TASK OBJECTIVE:
Leaving the pictures out, print the lines from the first line of the listing through the line containing "1) CuSO4 + 2NaOH = Cu(OH)2 ↓ + Na2SO4", exactly as they read, and no others.

[Start of Attachment]

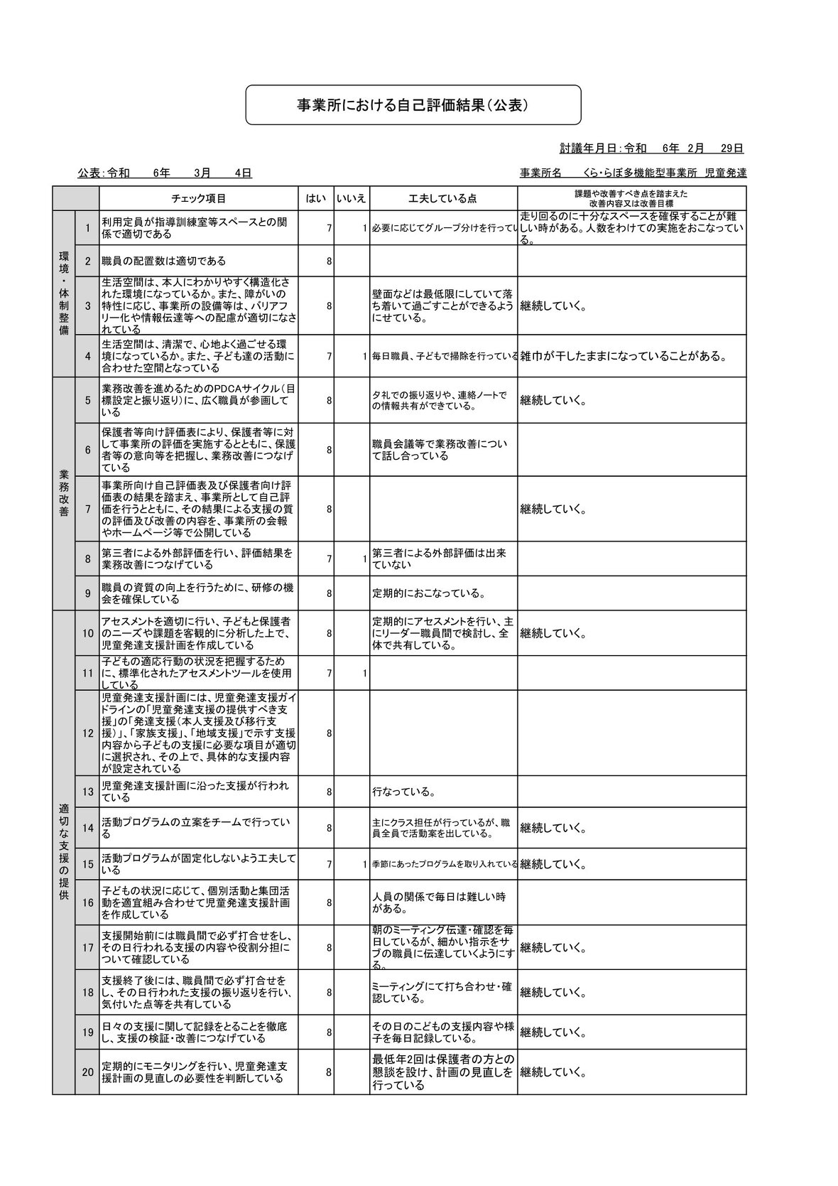 くら・らぼ多機能型事業所(児発)事業所評価について
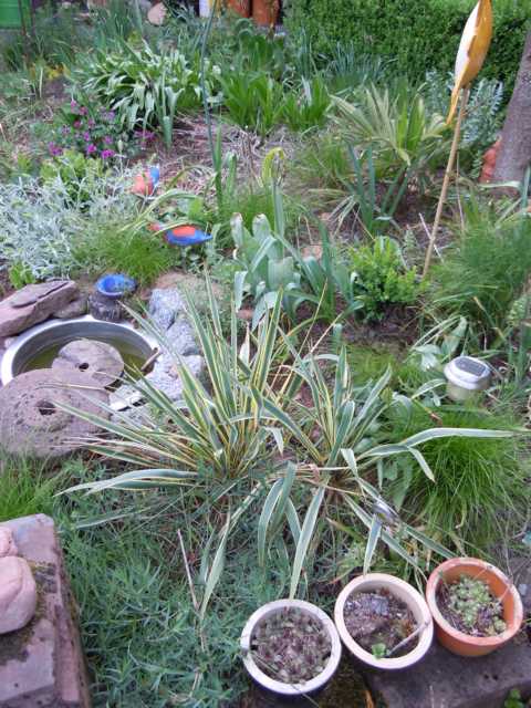 Für dieses Schlangenbeet habe ich damals den Boden 40 cm tief ausgehoben, unten rein eine Kiesschicht als Drainage, zusätzlich den sandigen Bodenaushub mit mehreren Säcken Liapor gemischt (haben eine Liaporwerk in der Nähe).Hast du die Erde im Wüstenbeet vom Wiesenboden getrennt? Die Pflanzen würden mich auch interessieren.
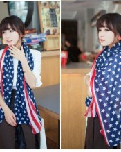 Demarkt Stylish Stars and Stripes Print USA Flag Pattern Scarf Shawl Women Chiffon Scarves Wrap
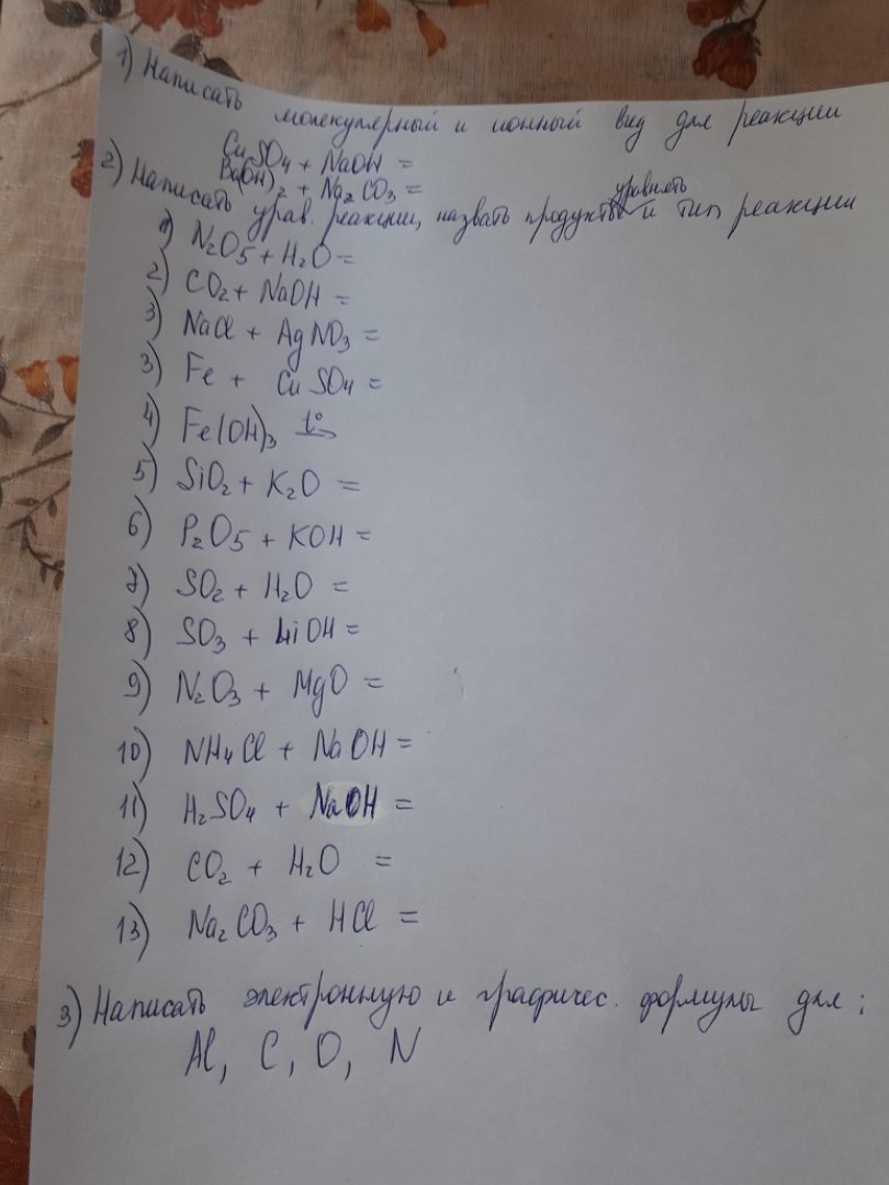 1) CuSO4 + 2NaOH = Cu(OH)2 ↓ + Na2SO4
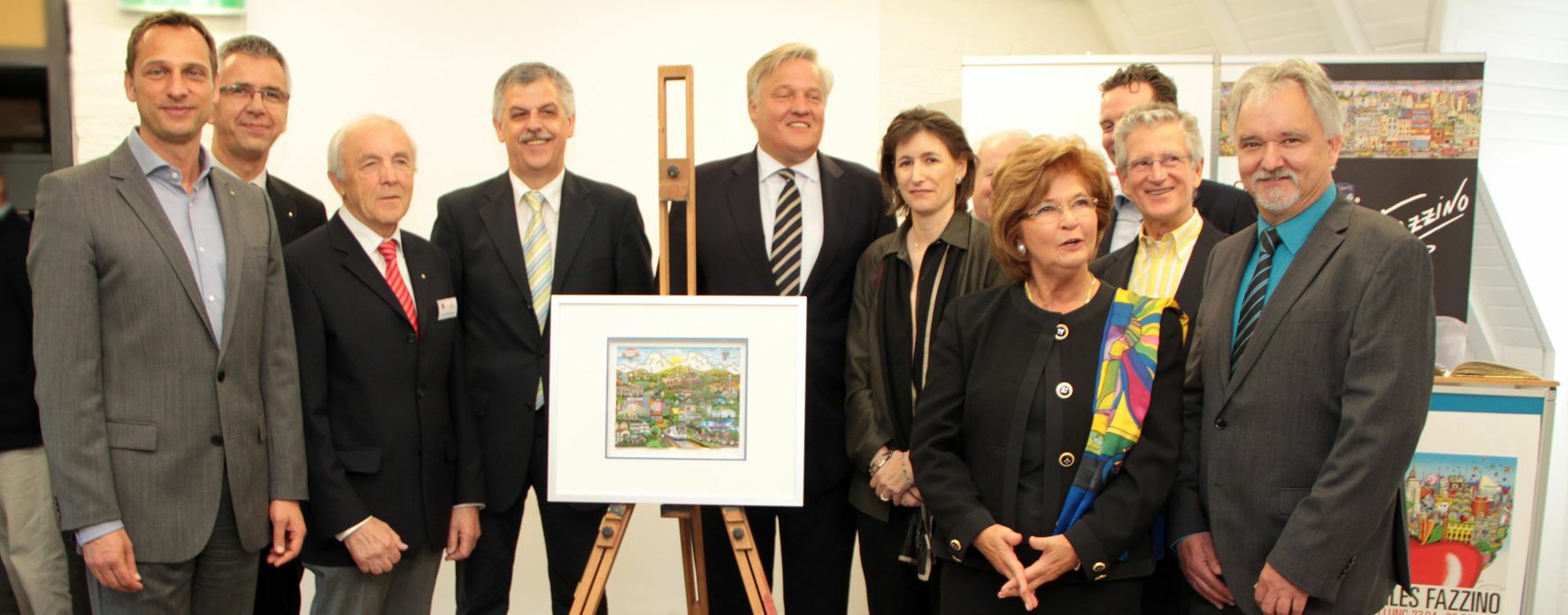 Über 150 seiner Werke sind derzeit in der ersten musealen Fazzino-Ausstellung Deutschlands auf Burg Hengebach zu sehen. Nach James Rizzi und Janosch ist dies die dritte große Ausstellung, die die Kulturinitiative im Kreis Düren auf die Beine gestellt hat. »Und sie wird sicher wieder ein Highlight für die gesamte Eifel-Region«, zeigte sich die Vorsitzende der Kulturinitiative, Katharina Rolfink, überzeugt. Mission Landrat Wolfgang Spelthahn berichtete den zahlreichen Gästen von einer besonderen Mission: Denn mit einer kleinen Abordnung hatte er vor einigen Monaten Charles Fazzino in New York besucht, um ihn für die geplante Ausstellung in Heimbach zu gewinnen, was überraschend schnell gelungen sei. Besonders in Erinnerung war dem Landrat dabei geblieben, dass er beim »Meister« höchstpersönlich eine ausgeschnittene Sonne in einem der 3D-Bilder befestigen durfte. Charles Fazzino selber konnte zur Vernissage leider nicht kommen. Er hatte aber seine engste Mitarbeiterin, Julie Manor, nach Deutschland geschickt, die eine Video-Grußbotschaft Fazzinos zeigte, in der dieser sich sehr freute, in Deutschland ausstellen zu dürfen. Julie Manor versprach jedoch, dass Charles Fazzino im Sommer auf jeden Fall nach Heimbach reisen werde. Besonders angetan sei er nämlich von dem Fazzino-Malwettbewerb für Schüler. Hier habe er sich kurzentschlossen bereit erklärt, selbst als Preisrichter zu fungieren und das beste Bild zu küren. Sondergrafik Landrat Spelthahn hielt sodann noch eine besondere Überraschung für die Anwesenden bereit: Bei seinem Besuch in New York hatte er Charles Fazzino nämlich auch Dutzende von Fotografien des Kreises Düren überbracht. Die Motive hatte der Pop-Art-Künstler als Basis benutzt, um für den Kreis Düren ein ganz besonderes Werk zu schaffen: »For the Love of Kreis Düren«, eine 3D-Sondergrafik. Viele markante Gebäude wie unter anderem die Burg Hengebach, der Indemann, das Leopold-Hoesch-Museum und auch das Jugendstil-Wasserkraftwerk sind darauf zu erkennen. Wahrer Meister »Was im Ergebnis so einfach aussieht, stellt für den Künstler eine enorme Herausforderung dar«, so Professor Zehnder, der Charles Fazzino einen »wahren Meister« nannte, wenn es darum gehe, »die Besonderheiten einer Landschaft in farbenprächtige, detailgetreue Bilder umzusetzen«. Das 20,3 mal 25,4 Zentimeter große signierte 3D-Bild wurde auf eine Stückzahl von 250 begrenzt und ist einschließlich Passepartout zum Preis von 450 Euro im Art-Shop der Burg erhältlich. »60 Exemplare sind bereits verkauft«, so der Landrat. Die Fazzino-Ausstellung auf Burg Hengebach kann noch bis zum 22. Juni besucht werden. red/epa

[End of Attachment]

ANSWER TO THIS PROBLEM:
 くら・らぼ多機能型事業所(児発)事業所評価について
 Für dieses Schlangenbeet habe ich damals den Boden 40 cm tief ausgehoben, unten rein eine Kiesschicht als Drainage, zusätzlich den sandigen Bodenaushub mit mehreren Säcken Liapor gemischt (haben eine Liaporwerk in der Nähe).Hast du die Erde im Wüstenbeet vom Wiesenboden getrennt? Die Pflanzen würden mich auch interessieren.
 Demarkt Stylish Stars and Stripes Print USA Flag Pattern Scarf Shawl Women Chiffon Scarves Wrap
 1) CuSO4 + 2NaOH = Cu(OH)2 ↓ + Na2SO4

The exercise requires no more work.